Mapping: (A: 12, B: 4, C: 2)

Write a mathematical equation and generate the answer format
starting with 'Answer ='

Answer = A * B

Qt: At a store, shoes cost $A per pair and socks cost $B per pair. If a customer buys C pairs of shoes and D pairs of socks, what is the total cost of the purchase?
Mapping: (A: 60, B: 8, C: 2, D: 3)

Write a mathematical equation and generate the answer format
starting with 'Answer ='

Answer = A * C + B * D

{step_one_answer}

Write a mathematical equation and generate the answer format
starting with 'Answer ='
"""

step_two_answer = llm(step_two_prompt)

print(step_two_answer)


Answer = A * B


In [366]:
# STEP 2a: Generate the python code
step_two_a_prompt = f"""
Qt: At a zoo, each adult ticket costs $A and children under 5 can enter for free. If a family of B adults and C children under 5 visit the zoo, what is the total cost for the family to enter?
Mapping: (A: 12, B: 4, C: 2)

Write a Python function that returns the answer.

def zoo_cost(A, B, C):
    return A * B

Qt: At a store, shoes cost $A per pair and socks cost $B per pair. If a customer buys C pairs of shoes and D pairs of socks, what is the total cost of the purchase?
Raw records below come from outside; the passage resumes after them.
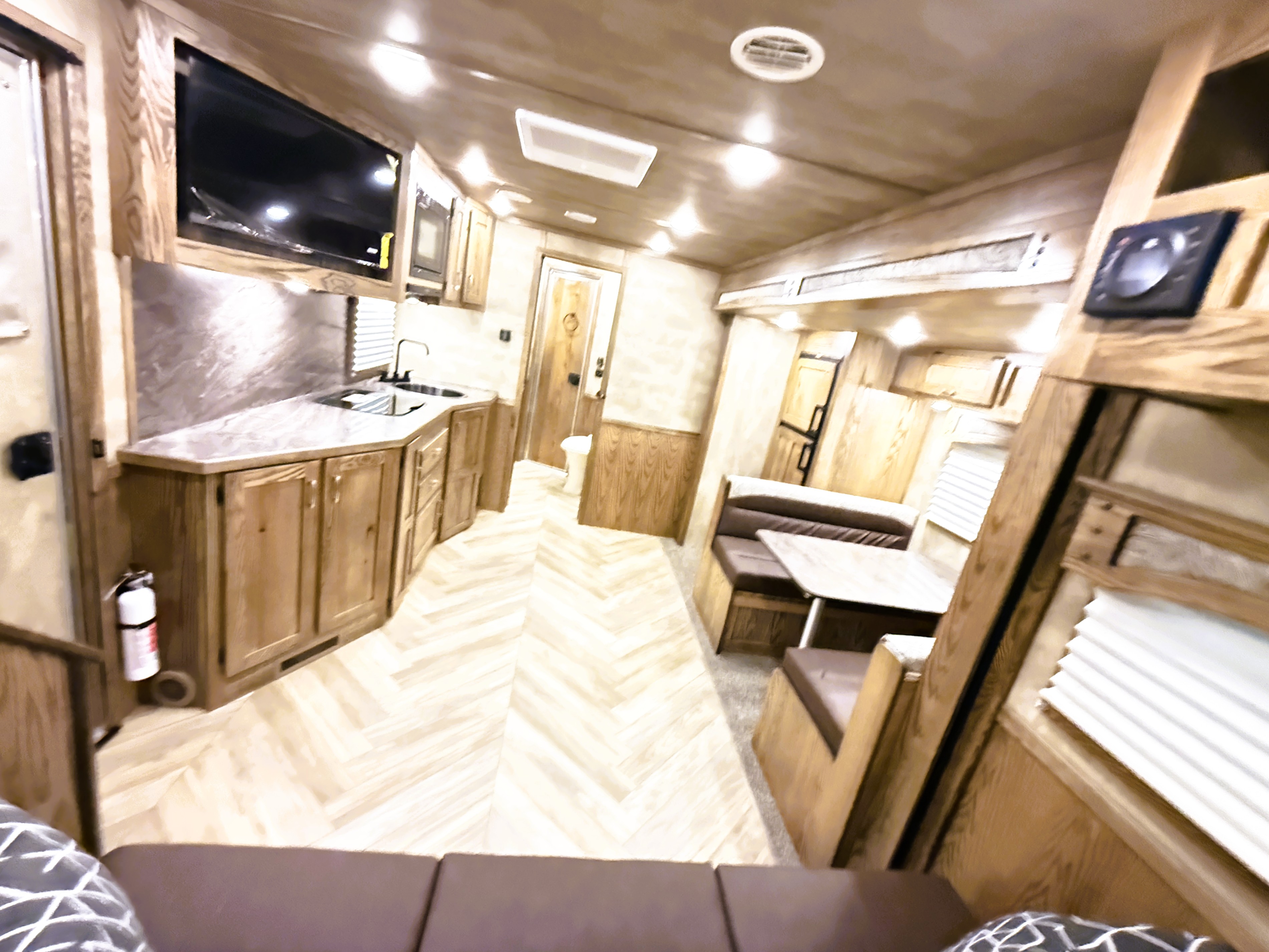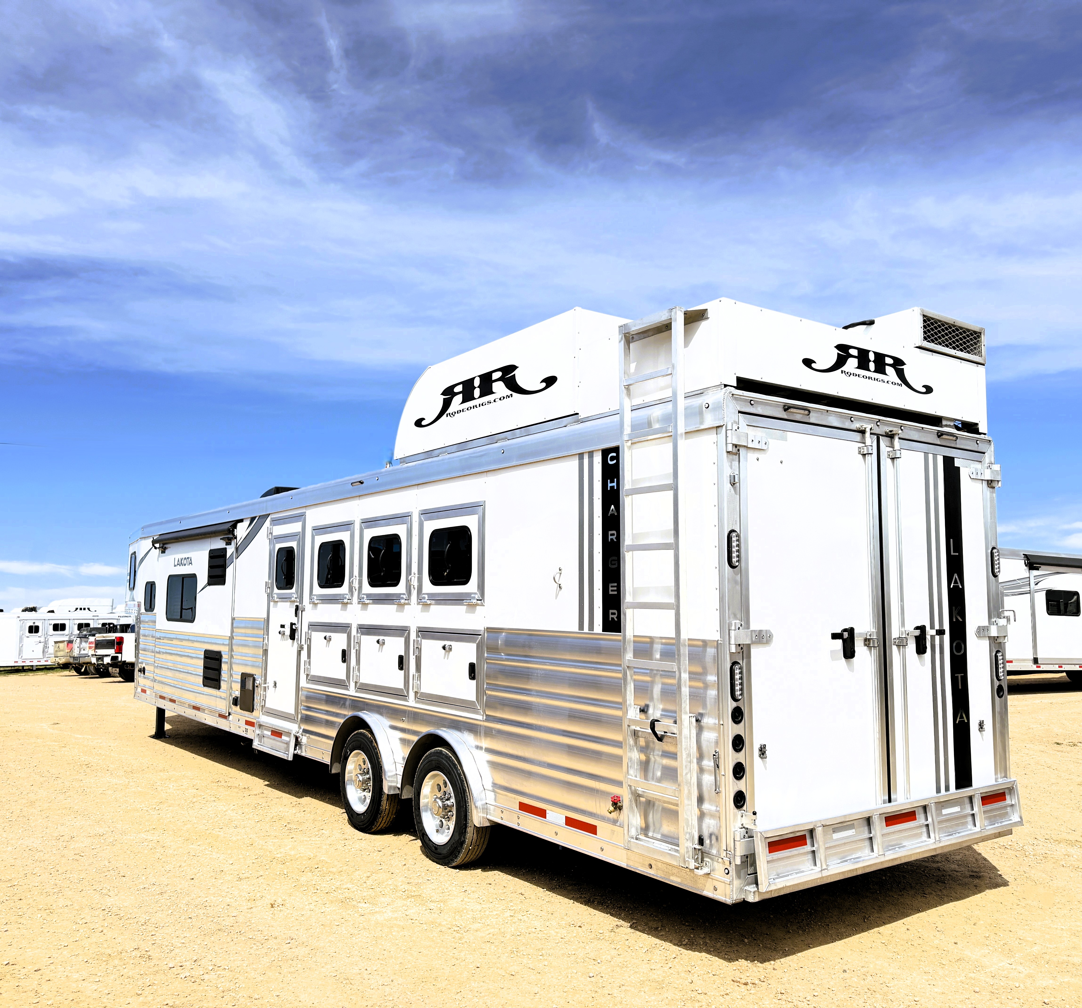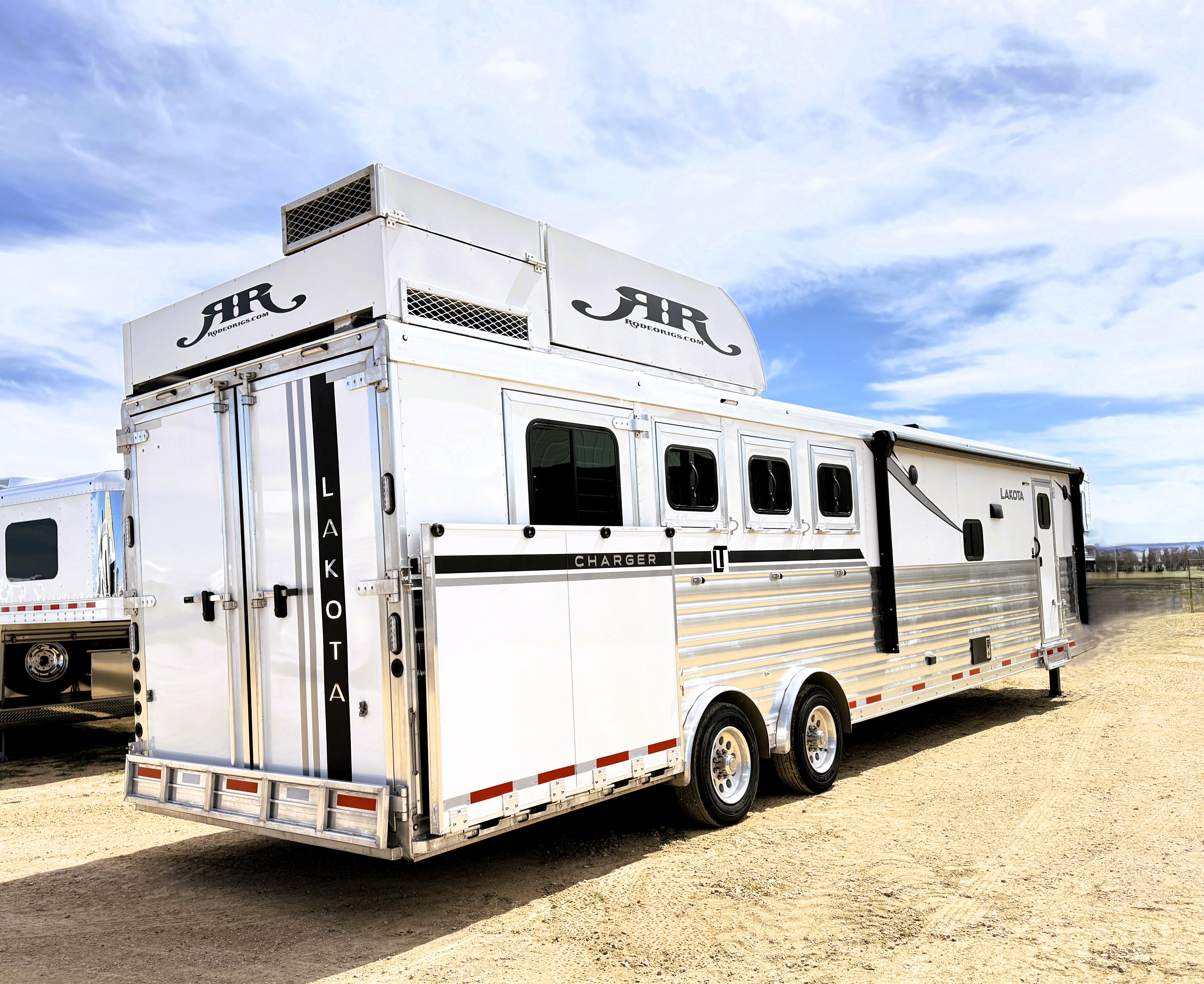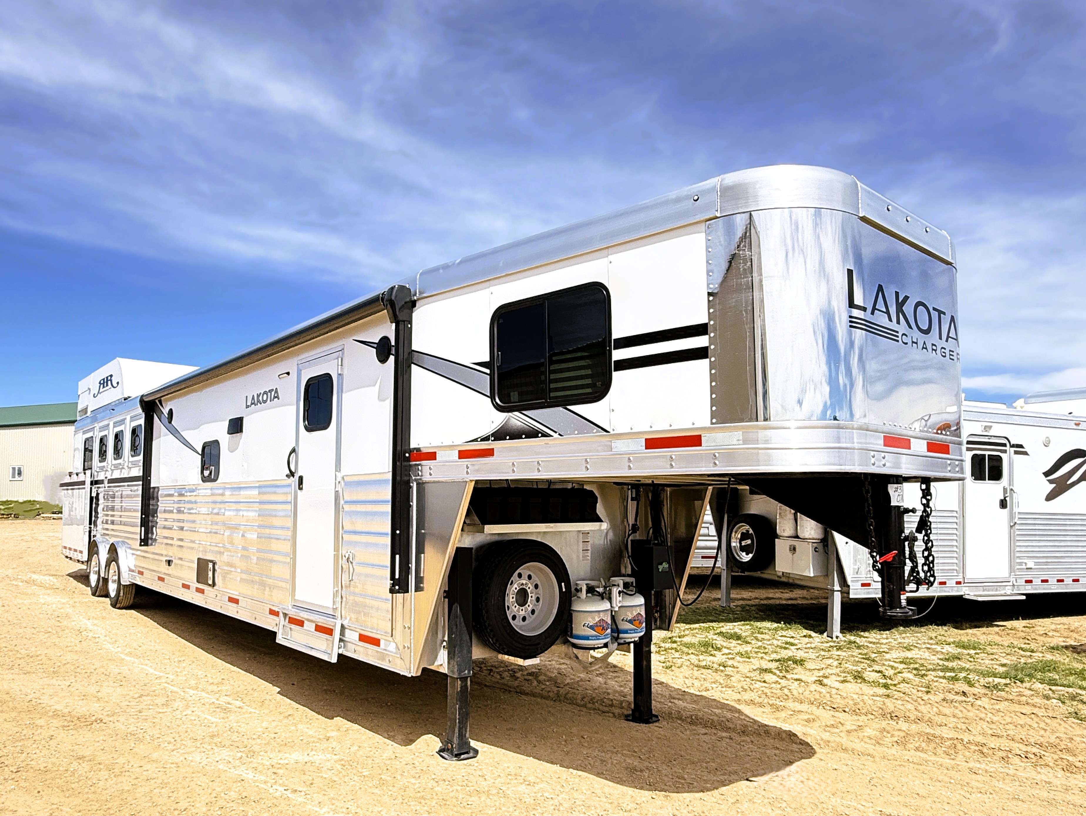 This side-load 2026 Lakota CH8415SR has all the features. The 15' living quarters features a queen-sized bed and closets in the bedroom area. The living space has a sofa-sleeper on the riser wall, a dinette-sleeper and refrigerator in the 9' insulated slide out, a 32" television, ducted air conditioning, and a full kitchen that has a microwave, sink, recessed cook top along with lots of storage and counter space. The fully private bathroom has a radius shower, dual-sided closet, toilet, sink with vanity and mirror, rain sensor fan, and a walk-through door into the horse area. The horse area features a stud-stall in the front slant, mangers with under manger storage, a road-side escape door, head and tail drop down windows, side load ramp and a telescoping divider in the end slant for easy loading. The full rear tack has an extra foot of length for more storage along with adjustable shelves, a 4-tier saddle rack, blanket bars, brush boxes, bridle hooks and a corner water tank. Additional features include dual 8k spread axles, dual 12k hydraulic jacks, pre-wired for a generator, hay pod with ladder, interior/exterior speakers, and an awning.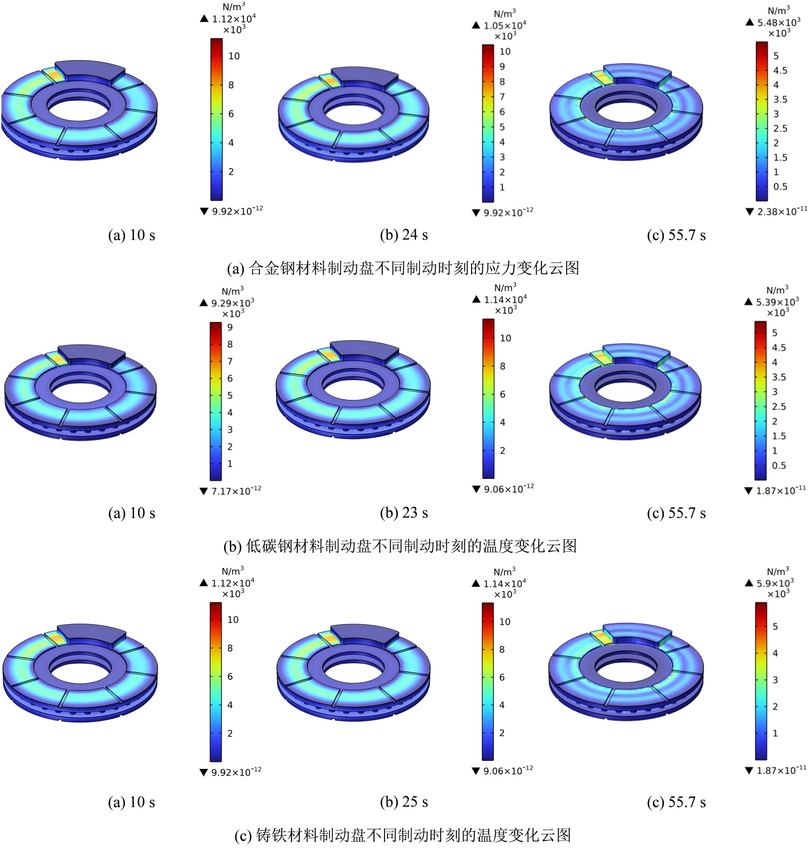 本小节主要研究不同材料制动盘的热力耦合分布规律,制动盘选用不同材料,制动片均选用铜基粉末冶金材料。图12研究了提取制动盘制动过程中三个关键时刻的温度场分布,分别为10 s、30 s左右(温度峰值时刻)和55.7 s (制动结束时刻);图13研究了提取制动盘制动过程中三个关键时刻的应力场分布,分别为10 s、23 s左右(应力峰值时刻)和55.7 s (制动结束时刻)。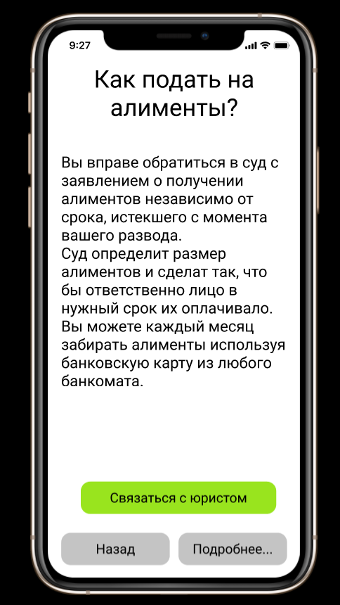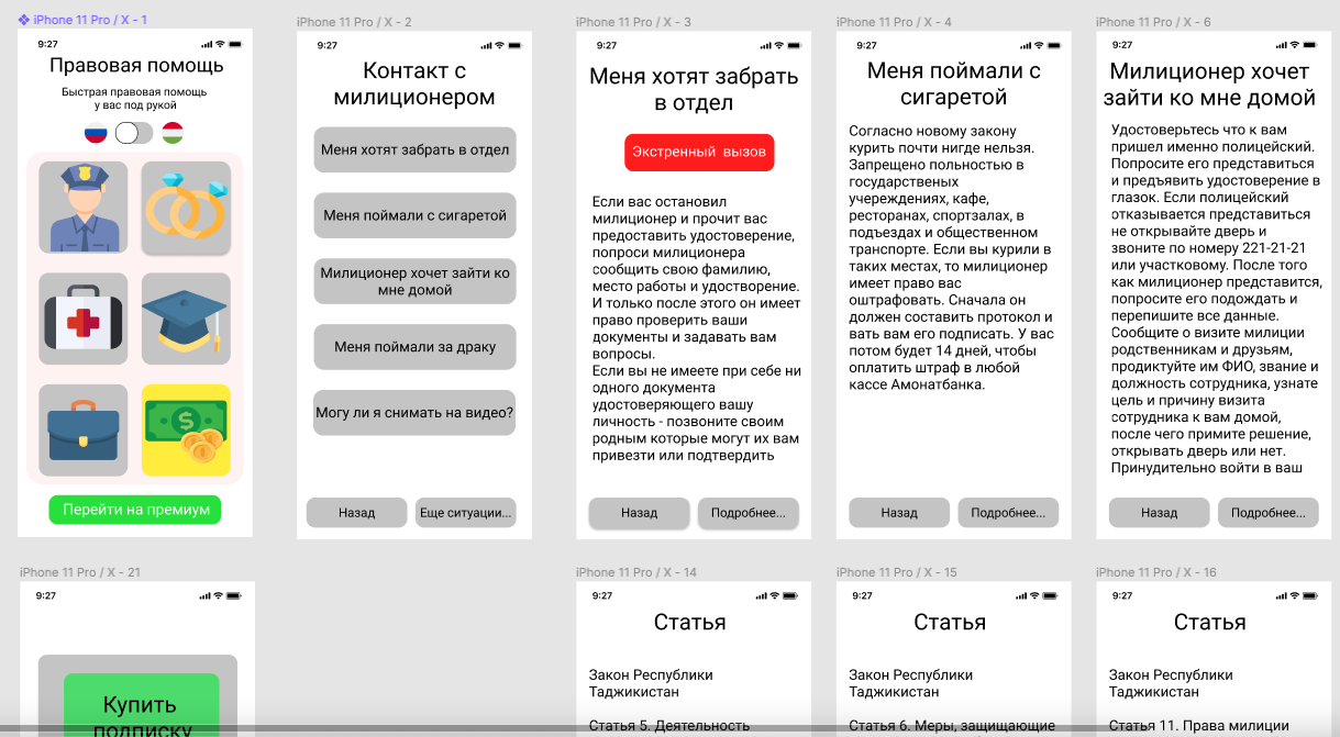 «Приложение будет бесплатным, но за дополнительную плату можно будет получить правовую помощь для малых и средних предприятий. Так же в приложении будет каталог с услугами профессиональных юристов с их рейтингами. Приложение находится только на стадии разработки. Текст и интерфейс готовы пока только для ознакомления и презентации идеи», — сообщили авторы.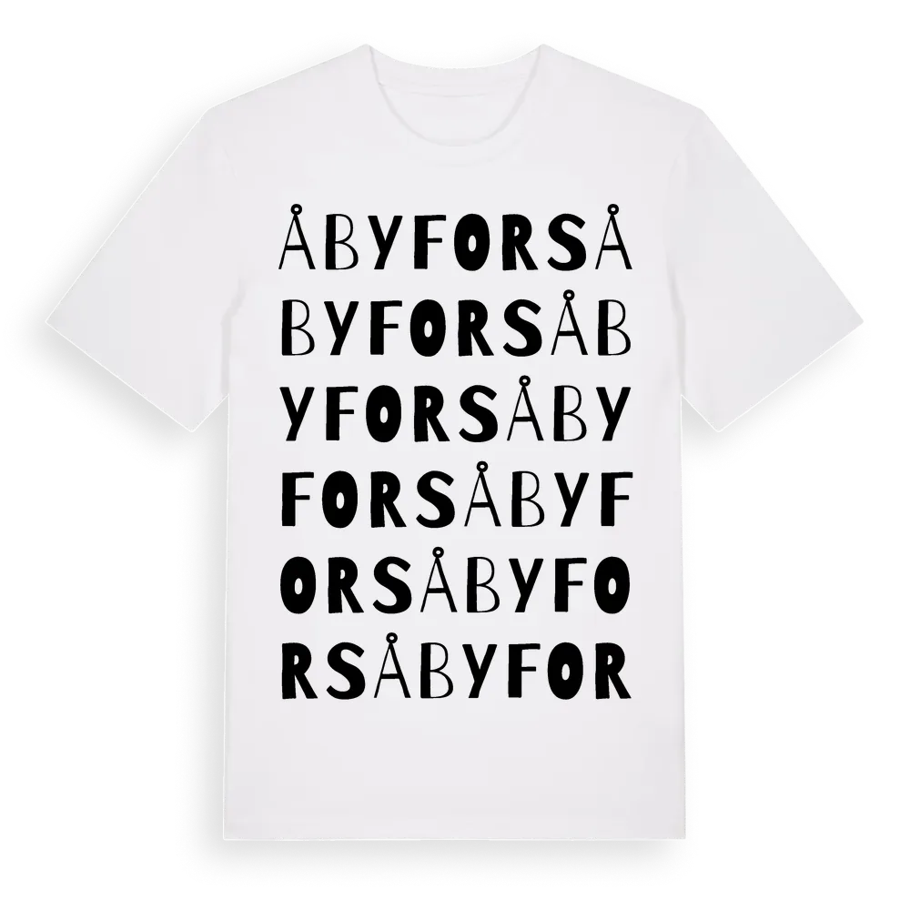 Åbyfors ordlek t-shirt är inspirerad av stadsdelen Åbyfors i Gävleborgs län, Sverige. Tröjan är designad för dig som har en speciell koppling till platsen – oavsett om du bor här, har rötterna här eller bara älskar Åbyfors.

Write a Python function that returns the answer.

def store_cost(A, B, C, D):
    return (A * C) + (B * D)

{step_one_answer}

Write a Python function that returns the answer.
"""

step_two_a_answer = llm(step_two_a_prompt)

print(step_two_a_answer)


def restaurant_cost(A, B, C):
    return A * (B - C)


### STEP 3: Answer Generation

Now, we can use the Mapping that we generated previously to automatically fill in the variables.

    Mapping: {A: 5, B: 15, C: 8}

Algebraic:

    Answer = 5 * 15 - 5 * 8

Python function:

    def restaurant_cost(A=5, B=15, C=8):
    return A * (B - C)

We can evaluate both using Python.

Algebraic:

    >>> eval("5 * 15 - 5 * 8")
    35

Python function:

    >>> restaurant_cost()
    35

### STEP 4: Self-Consistency

Finally, you can leverage Self-Consistency to rerun the above process multiple times (~5), then take the majority answer.